ACTION ITEM -> Using the data below, set down every line from the one containing "un séjour/cuisine de..." through the one containing "Kepala Balai Karantina", inclusive and unchanged. Pictures are to be skipped.

SOURCE MATERIAL ->
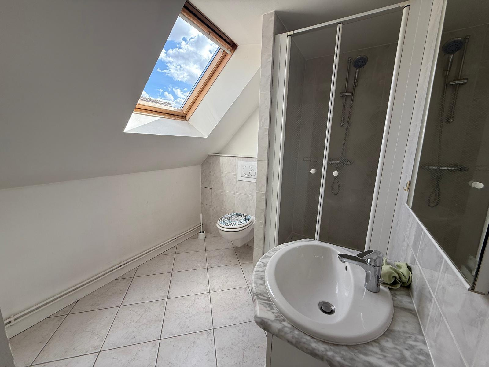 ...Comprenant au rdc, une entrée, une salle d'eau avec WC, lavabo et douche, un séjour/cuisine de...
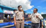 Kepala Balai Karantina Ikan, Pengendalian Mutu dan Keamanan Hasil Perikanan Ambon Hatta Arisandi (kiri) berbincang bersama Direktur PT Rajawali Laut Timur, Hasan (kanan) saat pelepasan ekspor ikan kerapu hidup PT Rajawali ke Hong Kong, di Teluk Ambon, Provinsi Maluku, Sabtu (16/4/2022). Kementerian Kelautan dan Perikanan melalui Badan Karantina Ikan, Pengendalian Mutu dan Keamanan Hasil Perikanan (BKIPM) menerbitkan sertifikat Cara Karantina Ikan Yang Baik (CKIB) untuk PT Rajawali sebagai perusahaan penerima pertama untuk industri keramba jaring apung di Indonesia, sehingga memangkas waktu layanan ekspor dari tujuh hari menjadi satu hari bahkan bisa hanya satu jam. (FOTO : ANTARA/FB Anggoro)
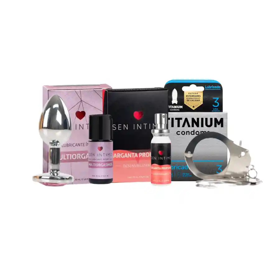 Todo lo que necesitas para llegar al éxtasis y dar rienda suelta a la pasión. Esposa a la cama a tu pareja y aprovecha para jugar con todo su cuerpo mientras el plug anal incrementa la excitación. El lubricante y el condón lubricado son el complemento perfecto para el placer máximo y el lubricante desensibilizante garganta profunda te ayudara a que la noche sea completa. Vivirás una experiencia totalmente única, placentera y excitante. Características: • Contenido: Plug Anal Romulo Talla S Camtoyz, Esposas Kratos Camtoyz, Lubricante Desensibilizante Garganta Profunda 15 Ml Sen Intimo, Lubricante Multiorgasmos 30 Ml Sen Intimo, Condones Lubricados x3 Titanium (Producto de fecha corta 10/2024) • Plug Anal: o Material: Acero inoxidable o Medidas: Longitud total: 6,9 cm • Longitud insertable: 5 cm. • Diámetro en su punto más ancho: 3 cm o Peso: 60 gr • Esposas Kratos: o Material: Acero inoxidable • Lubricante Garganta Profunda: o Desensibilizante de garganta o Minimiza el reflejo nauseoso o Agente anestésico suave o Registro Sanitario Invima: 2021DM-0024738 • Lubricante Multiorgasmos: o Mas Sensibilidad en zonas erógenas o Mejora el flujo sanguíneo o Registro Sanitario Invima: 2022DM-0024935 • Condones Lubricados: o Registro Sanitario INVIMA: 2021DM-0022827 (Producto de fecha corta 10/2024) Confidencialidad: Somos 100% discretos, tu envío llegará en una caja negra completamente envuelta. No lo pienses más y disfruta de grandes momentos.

==

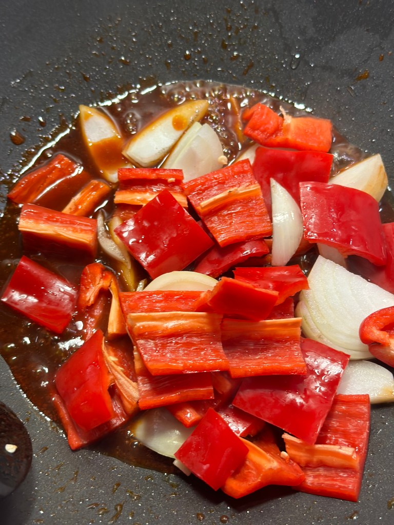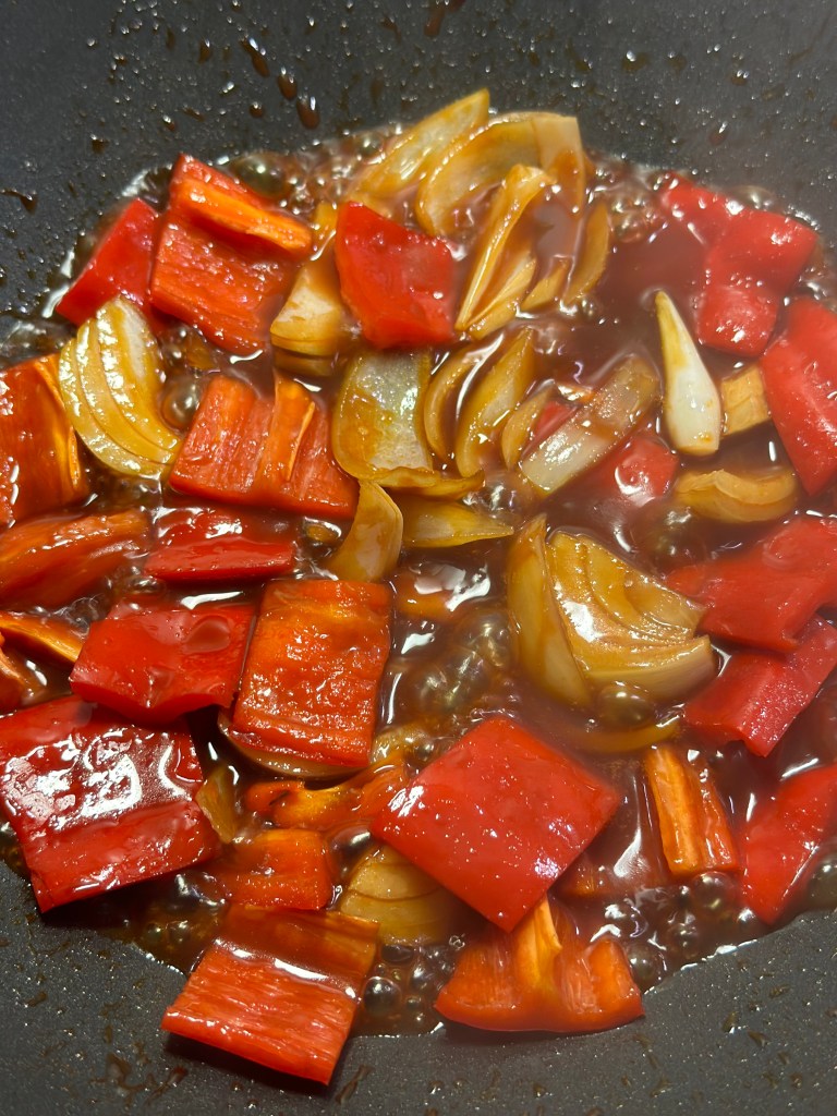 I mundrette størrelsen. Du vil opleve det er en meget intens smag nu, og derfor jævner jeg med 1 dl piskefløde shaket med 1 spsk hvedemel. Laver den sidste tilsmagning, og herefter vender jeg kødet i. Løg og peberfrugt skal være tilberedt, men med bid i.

RESULT FOR THIS TASK ->
 ...Comprenant au rdc, une entrée, une salle d'eau avec WC, lavabo et douche, un séjour/cuisine de...
 Kepala Balai Karantina Ikan, Pengendalian Mutu dan Keamanan Hasil Perikanan Ambon Hatta Arisandi (kiri) berbincang bersama Direktur PT Rajawali Laut Timur, Hasan (kanan) saat pelepasan ekspor ikan kerapu hidup PT Rajawali ke Hong Kong, di Teluk Ambon, Provinsi Maluku, Sabtu (16/4/2022). Kementerian Kelautan dan Perikanan melalui Badan Karantina Ikan, Pengendalian Mutu dan Keamanan Hasil Perikanan (BKIPM) menerbitkan sertifikat Cara Karantina Ikan Yang Baik (CKIB) untuk PT Rajawali sebagai perusahaan penerima pertama untuk industri keramba jaring apung di Indonesia, sehingga memangkas waktu layanan ekspor dari tujuh hari menjadi satu hari bahkan bisa hanya satu jam. (FOTO : ANTARA/FB Anggoro)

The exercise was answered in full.